At the plea hearing she admitted that, on June 25, 2012, she forcibly stole money
in the care of a bank teller at First State Community Bank. She entered the bank,
approached the teller’s window, and threw the teller an envelope which had written
on it, “This is a robbery.” McDaniel snatched money from the teller’s hand and left
the bank. Police reviewed the surveillance footage and made contact with
McDaniel based on the description they were given. McDaniel was interviewed by
the FBI and she told them that she had given a note to a teller, got the money, and
left. When the circuit judge asked McDaniel if she agreed those were the facts the
State would have to prove if the case went to trial, McDaniel initially protested by
stating, “I gave the teller two pages of documents that said ‘cry for help’ on the
note . . . .” She then followed this statement by adding: “but I do understand what
you’re saying.” When the judge asked for clarification from McDaniel whether she
knew these were the facts that would be presented at trial, McDaniel said, “Yes.”

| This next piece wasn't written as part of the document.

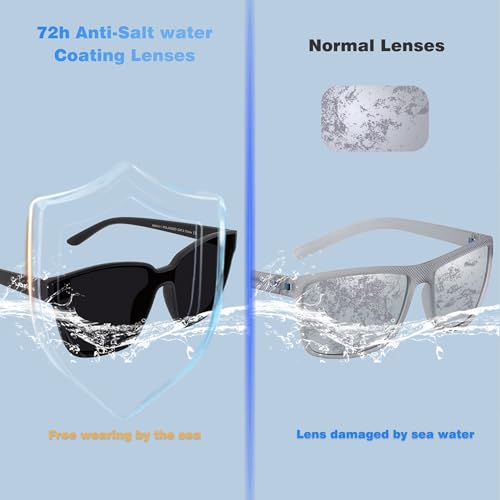 • LIGHTWEIGHT MATERIALS – High Grade TR90 frame material with solid metal hinges, our polarized sunglasses are designed to be lightweight yet durable enough to withstand everyday wear and tear. Polarized UV400 lenses are suitable for any gender and any weather conditions.

At the plea hearing, McDaniel testified that she understood her constitutional
rights relating to a criminal trial and that she further understood that she was
waiving those rights by pleading guilty. McDaniel testified that she understood that
by pleading guilty, she was admitting the essential elements of the charge: namely,
that on or about June 25, 2012, she forcibly stole money from a bank. McDaniel
testified that she had not received any threats or promises to cause her to plead
guilty, nor had she received any promises regarding the sentence she would
receive. The judge found a factual basis for her plea, and finding her plea to be
knowing and voluntary, accepted the plea.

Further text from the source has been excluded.